As dedicated as I have been to savoring every bit of this month, I am aghast to realize that we are well past the half-way mark. And, as usual, it's hotter than July. I will not complain about the weather though, because we are at least being spared wildfires. It has been too long a hot, dry, tragic fire season. The anxiety and dread of these wildfires is always just within touch, too close at hand, and the news from Montana, Oregon, Orange County, and especially Napa, Santa Rosa, Sonoma... is heartbreaking. "Fire Season," and "Fire Weather..." these are common terms, now, because the climate is changed.

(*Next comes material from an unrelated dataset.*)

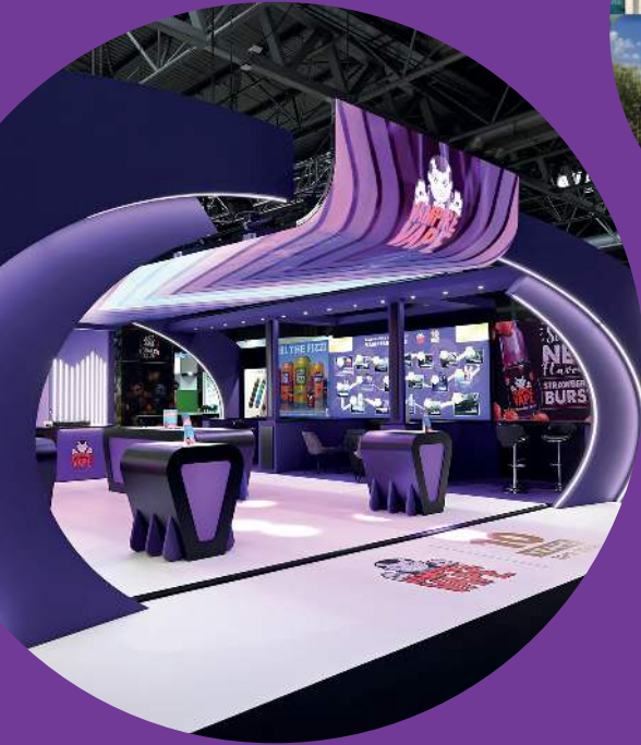
The Vaper Expo

Oh, lost my train of thought, or really it's that my "train" rides a wild, twisting rail, and though I intend to stick to happy news, and reflections, the real world is calling for attention, compassion, so I think, again, of Puerto Rico, of Standing Rock, of people struggling to hold on to hope, justice, respect, to life. I think of family, of my own doubts and insecurities, of the gnawing foreboding that drops my heart, burns my eyes, and crushes the hope and understanding that I'd been tending, guarding.
Everything is not fine. To keep myself moving forward, to try and sustain some hope, to be resolute, persistent, and resilient, I seek beauty, laughter, the sound of hummingbirds in the garden... I gaze admiringly, appreciatively, at the bliss of a cat's nap, pumpkins, a yellow bicycle, a favorite corner of our home, hands at play, minds at work.
Then Gina called me. She's a friend from way back, from mutual friends, and the Squaremont neighborhood. We shared cars, dogs, holidays, and laughs. She got me on the phone and lavished praise on those rats in dresses I'd painted. Seriously, like a true friend, you know the kind... you aren't hanging out anymore, but it only takes one phone call, one visit, to put you back in the same kindred groove, familiar, comfortable, loving, just like always.
Wholly gobs, this is a long post.
Undaunted, the Chickenblogger persists.
Hehehe... this post is still really long...
I wish October were really long. I wish everyone were safe, respected, inspired. I may as well add... healthy, strong, supported, loved. I am sending out prayers, best thoughts, kindnesses, love, and courage, wherever it's needed.